• **Work task**
Repeat the whole listing below precisely. Omit all pictures.
▬▬▬
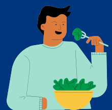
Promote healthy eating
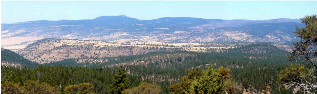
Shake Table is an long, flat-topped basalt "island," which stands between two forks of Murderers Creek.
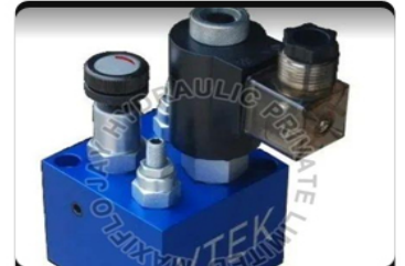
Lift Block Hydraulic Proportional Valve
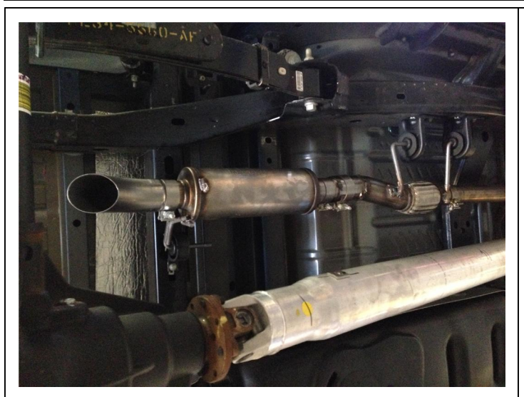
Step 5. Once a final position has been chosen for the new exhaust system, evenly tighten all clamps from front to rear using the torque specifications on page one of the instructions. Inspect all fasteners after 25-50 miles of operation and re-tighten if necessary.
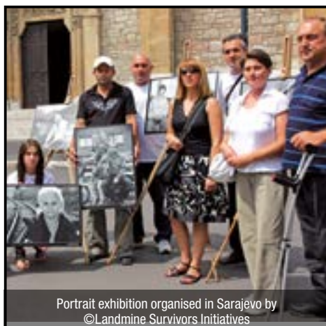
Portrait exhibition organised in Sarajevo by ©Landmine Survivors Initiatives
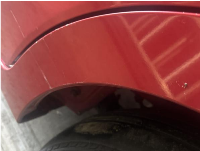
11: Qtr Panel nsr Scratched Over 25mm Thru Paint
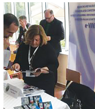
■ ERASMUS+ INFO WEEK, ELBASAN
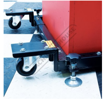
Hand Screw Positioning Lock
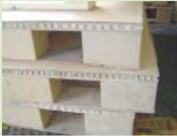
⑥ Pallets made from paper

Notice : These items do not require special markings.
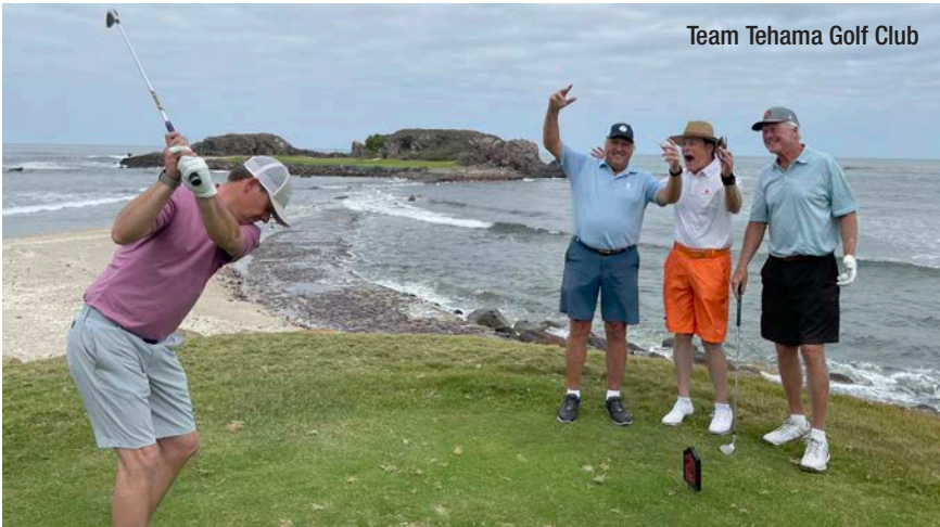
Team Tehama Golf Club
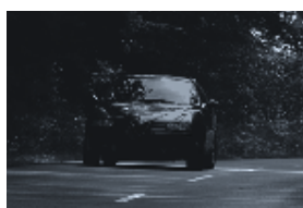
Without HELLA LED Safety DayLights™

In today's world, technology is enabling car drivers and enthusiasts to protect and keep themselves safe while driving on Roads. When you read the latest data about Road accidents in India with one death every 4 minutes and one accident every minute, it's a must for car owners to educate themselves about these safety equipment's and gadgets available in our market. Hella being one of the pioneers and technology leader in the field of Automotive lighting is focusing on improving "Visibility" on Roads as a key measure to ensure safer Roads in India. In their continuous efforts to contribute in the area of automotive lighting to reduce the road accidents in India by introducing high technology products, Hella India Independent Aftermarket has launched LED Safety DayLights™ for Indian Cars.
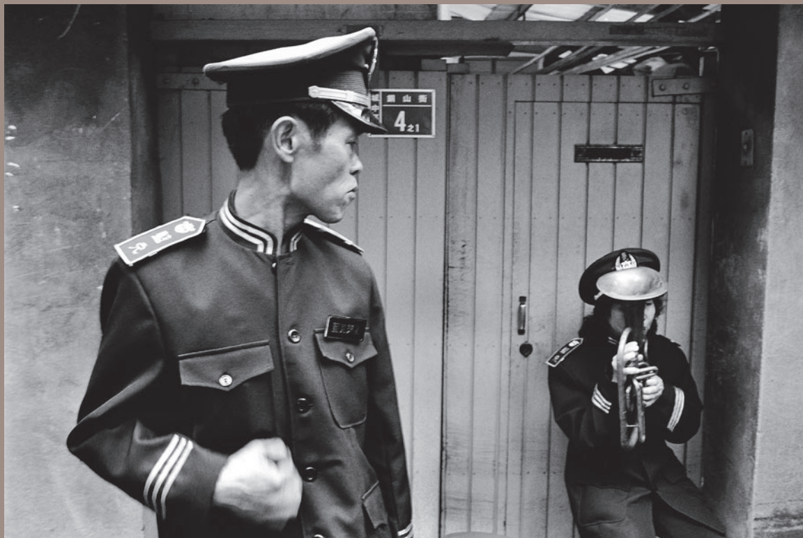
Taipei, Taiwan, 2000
▬▬▬
• **Result of the task**
Promote healthy eating
Shake Table is an long, flat-topped basalt "island," which stands between two forks of Murderers Creek.
Lift Block Hydraulic Proportional Valve
Step 5. Once a final position has been chosen for the new exhaust system, evenly tighten all clamps from front to rear using the torque specifications on page one of the instructions. Inspect all fasteners after 25-50 miles of operation and re-tighten if necessary.
Portrait exhibition organised in Sarajevo by ©Landmine Survivors Initiatives
11: Qtr Panel nsr Scratched Over 25mm Thru Paint
■ ERASMUS+ INFO WEEK, ELBASAN
Hand Screw Positioning Lock
⑥ Pallets made from paper

Notice : These items do not require special markings.
Team Tehama Golf Club
Without HELLA LED Safety DayLights™

In today's world, technology is enabling car drivers and enthusiasts to protect and keep themselves safe while driving on Roads. When you read the latest data about Road accidents in India with one death every 4 minutes and one accident every minute, it's a must for car owners to educate themselves about these safety equipment's and gadgets available in our market. Hella being one of the pioneers and technology leader in the field of Automotive lighting is focusing on improving "Visibility" on Roads as a key measure to ensure safer Roads in India. In their continuous efforts to contribute in the area of automotive lighting to reduce the road accidents in India by introducing high technology products, Hella India Independent Aftermarket has launched LED Safety DayLights™ for Indian Cars.
Taipei, Taiwan, 2000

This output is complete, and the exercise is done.